The group will not pay out a final dividend in order to maximise its balance sheet at a time of macroeconomic uncertainty.
The firm reported strong online orders since the lockdown was announced in March and said its showrooms have seen brisk trading since they reopened after the lockdown.
DFS said its year-on-year order intake growth over the last 12 weeks, combined its higher opening order book, implies £226m of additional revenues will be realised in this financial year.
Analyst Jonathan Pritchard at Peel Hunt said: “DFS has enjoyed another strong month of trading since the last update.
“Customers are continuing to trade up, a nod to the stronger ranges across the DFS group. It would be wrong to extrapolate current trends, but 2021 is likely to be a stand-out year. The resultant stronger balance sheet will allow a strategic acceleration (expect 10 new Sofologys this year). With market share being won anyway, the future is bright.

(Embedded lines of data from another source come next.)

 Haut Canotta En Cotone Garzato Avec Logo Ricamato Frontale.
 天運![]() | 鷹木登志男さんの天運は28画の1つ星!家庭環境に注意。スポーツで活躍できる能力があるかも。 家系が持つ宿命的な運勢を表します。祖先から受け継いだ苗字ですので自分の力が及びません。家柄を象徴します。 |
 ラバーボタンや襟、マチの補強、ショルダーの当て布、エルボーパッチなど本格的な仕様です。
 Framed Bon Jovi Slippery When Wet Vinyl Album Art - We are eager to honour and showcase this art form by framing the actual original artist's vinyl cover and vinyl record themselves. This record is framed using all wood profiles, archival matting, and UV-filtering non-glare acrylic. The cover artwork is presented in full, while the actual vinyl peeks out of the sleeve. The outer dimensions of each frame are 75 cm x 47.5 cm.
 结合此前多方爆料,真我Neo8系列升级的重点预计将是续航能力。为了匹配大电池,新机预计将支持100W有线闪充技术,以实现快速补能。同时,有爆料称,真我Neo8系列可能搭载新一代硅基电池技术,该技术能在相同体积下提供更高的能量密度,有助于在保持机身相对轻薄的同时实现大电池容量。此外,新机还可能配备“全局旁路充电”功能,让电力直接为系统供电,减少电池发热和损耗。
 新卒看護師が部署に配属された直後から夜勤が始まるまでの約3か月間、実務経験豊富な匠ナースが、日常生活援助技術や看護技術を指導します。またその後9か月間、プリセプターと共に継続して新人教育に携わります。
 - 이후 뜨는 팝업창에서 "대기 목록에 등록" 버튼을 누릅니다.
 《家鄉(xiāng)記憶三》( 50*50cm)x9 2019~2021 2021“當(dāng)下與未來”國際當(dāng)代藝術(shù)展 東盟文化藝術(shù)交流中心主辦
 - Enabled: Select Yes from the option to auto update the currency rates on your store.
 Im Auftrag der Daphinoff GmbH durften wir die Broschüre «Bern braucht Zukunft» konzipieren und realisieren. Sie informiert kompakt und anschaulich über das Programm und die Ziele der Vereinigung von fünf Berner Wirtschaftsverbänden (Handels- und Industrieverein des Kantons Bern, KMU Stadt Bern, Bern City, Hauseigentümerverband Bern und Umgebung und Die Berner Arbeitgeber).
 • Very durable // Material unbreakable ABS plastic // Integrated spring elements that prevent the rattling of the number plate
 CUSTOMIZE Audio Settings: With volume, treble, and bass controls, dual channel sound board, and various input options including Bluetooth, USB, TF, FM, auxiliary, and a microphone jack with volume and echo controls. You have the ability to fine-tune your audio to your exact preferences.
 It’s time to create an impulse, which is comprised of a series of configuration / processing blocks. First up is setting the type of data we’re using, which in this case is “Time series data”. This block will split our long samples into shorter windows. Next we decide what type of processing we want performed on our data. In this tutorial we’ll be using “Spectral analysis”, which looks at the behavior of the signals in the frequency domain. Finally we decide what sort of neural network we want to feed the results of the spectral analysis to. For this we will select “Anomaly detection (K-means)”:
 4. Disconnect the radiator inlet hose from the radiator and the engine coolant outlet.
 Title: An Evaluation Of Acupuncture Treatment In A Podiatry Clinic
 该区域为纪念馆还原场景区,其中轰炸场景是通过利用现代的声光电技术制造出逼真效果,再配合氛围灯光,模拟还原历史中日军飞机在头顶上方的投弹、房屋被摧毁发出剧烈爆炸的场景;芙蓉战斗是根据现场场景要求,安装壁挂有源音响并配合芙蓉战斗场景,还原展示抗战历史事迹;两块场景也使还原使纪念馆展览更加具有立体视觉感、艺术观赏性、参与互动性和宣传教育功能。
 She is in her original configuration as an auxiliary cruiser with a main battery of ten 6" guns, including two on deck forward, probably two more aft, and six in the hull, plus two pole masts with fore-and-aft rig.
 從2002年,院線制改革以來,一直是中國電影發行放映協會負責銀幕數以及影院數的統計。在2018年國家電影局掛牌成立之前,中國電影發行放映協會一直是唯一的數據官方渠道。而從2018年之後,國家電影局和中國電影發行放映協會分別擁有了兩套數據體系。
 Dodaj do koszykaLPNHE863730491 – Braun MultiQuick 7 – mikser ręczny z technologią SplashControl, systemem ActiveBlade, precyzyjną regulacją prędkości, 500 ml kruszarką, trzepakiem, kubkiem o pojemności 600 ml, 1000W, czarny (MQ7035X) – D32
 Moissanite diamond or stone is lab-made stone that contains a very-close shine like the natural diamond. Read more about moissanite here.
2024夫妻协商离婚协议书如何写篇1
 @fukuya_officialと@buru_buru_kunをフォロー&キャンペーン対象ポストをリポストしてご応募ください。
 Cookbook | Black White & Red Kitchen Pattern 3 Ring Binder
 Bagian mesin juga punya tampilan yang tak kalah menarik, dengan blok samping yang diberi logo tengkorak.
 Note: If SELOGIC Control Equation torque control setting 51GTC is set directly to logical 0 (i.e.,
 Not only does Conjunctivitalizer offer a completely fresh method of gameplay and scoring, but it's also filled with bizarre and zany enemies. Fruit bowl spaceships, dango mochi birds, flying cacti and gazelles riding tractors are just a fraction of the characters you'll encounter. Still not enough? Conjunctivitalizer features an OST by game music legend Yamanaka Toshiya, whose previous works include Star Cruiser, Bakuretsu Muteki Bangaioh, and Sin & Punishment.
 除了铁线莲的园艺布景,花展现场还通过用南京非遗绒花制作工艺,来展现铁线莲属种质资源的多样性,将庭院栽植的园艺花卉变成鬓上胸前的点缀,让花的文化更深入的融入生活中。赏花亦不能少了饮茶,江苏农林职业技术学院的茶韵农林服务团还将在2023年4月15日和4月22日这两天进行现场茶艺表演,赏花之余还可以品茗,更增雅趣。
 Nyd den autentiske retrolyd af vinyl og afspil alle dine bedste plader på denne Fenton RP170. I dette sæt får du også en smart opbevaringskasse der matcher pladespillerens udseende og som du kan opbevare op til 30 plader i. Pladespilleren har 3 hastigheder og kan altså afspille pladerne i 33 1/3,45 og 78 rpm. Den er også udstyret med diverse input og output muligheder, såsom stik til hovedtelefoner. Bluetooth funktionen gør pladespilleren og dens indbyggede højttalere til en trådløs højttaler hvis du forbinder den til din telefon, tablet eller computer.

“The shares are too cheap for such a strong equity story featuring excellent cash generation.”
Analyst Greg Lawless at Shore Capital added: “DFS is highlighting that, notwithstanding the challenges, the board remains confident in the strength and resilience of the business and highlights its scale, vertical integration and financial strength to weather the months ahead.
“We note the positive tone and strong current trading despite the wider retail economic backdrop. In our view, this is an upbeat statement from DFS. We like the fact that the company can leverage its market leading position, vertical integration and has self help levers to grow the business.”